Дядя Коля лежал на спине с закрытыми глазами. Дыхание его сделалось спокойней, тише. Он будто заснул. Я сидел в кресле у окна и разглядывал комнату. С детства я помнил её такой. После приезда дядя Коля ничего не изменил в комнате, разве что телевизор купил. Старый платяной шкаф, письменный стол напротив окна, книжные шкафы до потолка вдоль стен, диван, на котором лежал сейчас дядя Коля, несколько допотопных стульев. Середину комнаты покрывал потертый ковёр. В детстве я часто играл здесь, когда к маме приходили гости. Мы с мамой пользовались комнатой как своей, я готовил здесь уроки, читал, даже спал иногда. Все это, конечно, с разрешения дяди Коли.

Я взял со стола книгу.

— Пойдёшь спать? — очнулся дядя Коля...

— Еще посижу немного.

— Уже всё в порядке. Ты видел, как умирают люди?

— Нет.

— Ещё всё впереди.

— Ну что вы...

— Я не про себя говорю, а вообще. Ну, раз ты сидишь, то достань со шкафа коробку. Там на дне большая фотография... Нашёл?

— Да.

— Я люблю на неё смотреть иногда. Меня там узнал?

— Нет.

— В последнем ряду третий справа.

Это был большой групповой снимок. Военные в форме без погон, довоенного образца, женщины в белых платьях, дети. Невозможно было узнать в круглолицем, стриженом, похожем на Тимура из команды мальчике лет двенадцати дядю Колю.

— В сорок первом мы жили в Белоруссии. Перед самым началом войны отца зачем-то вызвали в Ленинград. Мать тоже решила поехать к родственникам в Подмосковье. Вместе с младшей сестрой. А я не поехал, кажется из-за экзаменов в школе. А тут война. Через неделю к нам в поселок вкатили немцы...

— А потом что?

Дядя Коля продолжил не сразу:

— Видишь там, в центре, красивая женщина??

— Во втором ряду?

Я сразу, ещё до того, как дядя Коля упомянул её, обратил внимание на лицо женщины, сидевшей в середине второго ряда. Она была серьёзна. Глаза её были встревожены, широко раскрыты. Все остальные на фотографии просто позировали, торжественно-выжидающе застыв в ожидании вылетающей птички. А она глядела в объектив, будто всматривалась в будущее, будто видела меня, сидящего сейчас с фотографией в руках. Хотелось отвести взгляд в сторону.
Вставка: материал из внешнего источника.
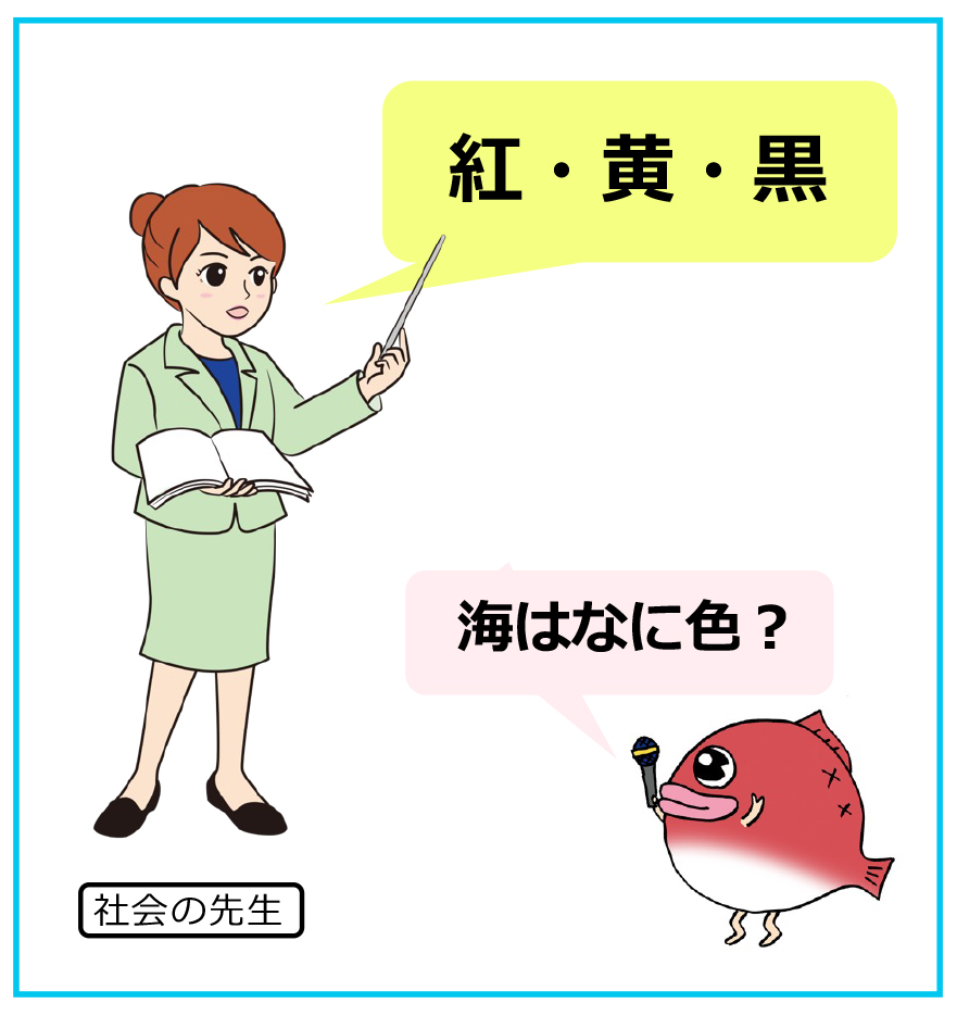 「海はなに⾊」か、ここでは理科の先⽣、社会の先⽣、クジラ、漁師さんの答えを聞いてみましょう。

— Да. Это жена начальника штаба полка, в котором служил мой отец. Ее звали Марией Васильевной Долгушиной... Теперь на этой фотографии одни мертвецы.

— У вас никого не осталось?

— Теперь никого. Мать и сестра умерли в эвакуации. Отец — уже здесь, в этой квартире. Ещё до того, как вы с мамой сюда въехали.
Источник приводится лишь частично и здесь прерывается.